#### What is being asked
Your reply should restate the lines from the top of the entries through the line containing "An dieser Stelle" word for word, with no pictures.

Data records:
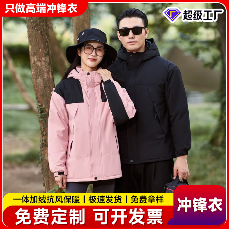 新款冬季加绒加厚工作服男女防风防水冲锋衣定 制logo劳保户外套
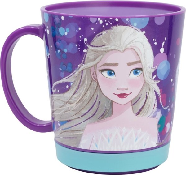 Plastový hrnek s protiskluzovou a protihlukovou úpravou s motivem Ledového království.
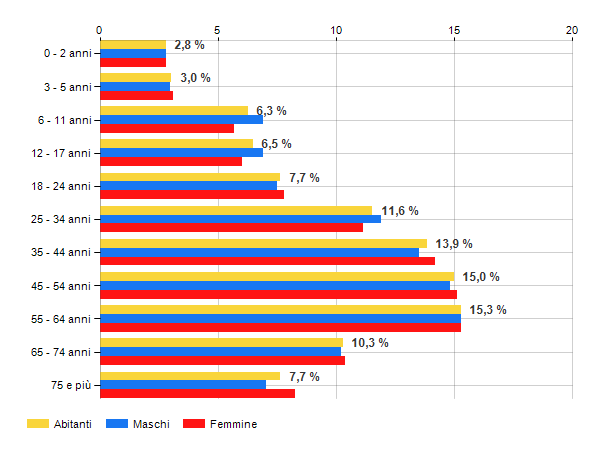 Classi di età per sesso e relativa incidenza, età media e indice di vecchiaia nella
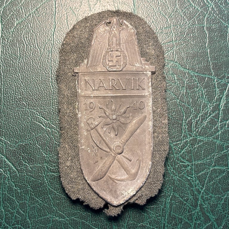 The Narvik Shield was awarded to members of the Heer (Army), Kriegsmarine (Navy), and Luftwaffe (Air Force) who participated in the Battle of Narvik — a strategic and hard-fought engagement in the Norwegian Campaign.
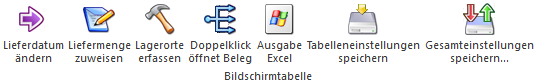 An dieser Stelle wird das Lieferdatum des Artikels gemäß Kundenauftrag angezeigt und kann editiert werden. Findet eine manuelle Änderung statt, so kann diese mit Hilfe des Tabellenbuttons "geändertes Datum speichern" in die Belegzeile des Kundenauftrags zurückgeschrieben werden.
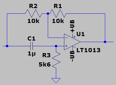 Moin, ich suche eine Hochpassfilter das den Gleichspannungwert beibehält. Eingangssignal ist ein Burst mit überlagerten niederfrequenten Störungen. Höhe der Eingangsspannung +3V, siehe Anhang. Was im Prinzip funktionieren würde, wäre ein Tiefpassfilter und Allpassfilter und beide Ausgangssignale zu subtrahieren. Dazu benötige ich aber ein nicht invertierendes Allpassfilter, da ich nur +3,3V und -1,5V Betriebsspannung zur Verfügung steht. Grüße Krangel
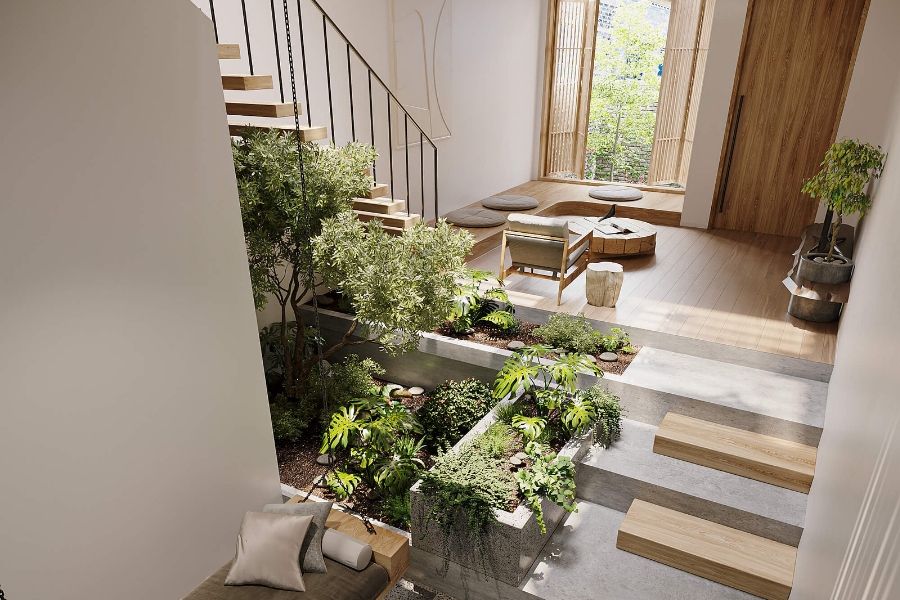Thêm sự tươi mát cho cầu thang cũng như “làm đẹp” cho ngôi nhà, mang đến bầu không khí trong lành đó chính là trang trí, bố trí những cây xanh ở khu vực gầm cầu thang. Việc thiết kế không gian xanh sẽ tối ưu diện tích hiệu quả mang đến sự sống động, xinh tươi cho nhà bạn.

#### Written answer
 新款冬季加绒加厚工作服男女防风防水冲锋衣定 制logo劳保户外套
 Plastový hrnek s protiskluzovou a protihlukovou úpravou s motivem Ledového království.
 Classi di età per sesso e relativa incidenza, età media e indice di vecchiaia nella
 The Narvik Shield was awarded to members of the Heer (Army), Kriegsmarine (Navy), and Luftwaffe (Air Force) who participated in the Battle of Narvik — a strategic and hard-fought engagement in the Norwegian Campaign.
 An dieser Stelle wird das Lieferdatum des Artikels gemäß Kundenauftrag angezeigt und kann editiert werden. Findet eine manuelle Änderung statt, so kann diese mit Hilfe des Tabellenbuttons "geändertes Datum speichern" in die Belegzeile des Kundenauftrags zurückgeschrieben werden.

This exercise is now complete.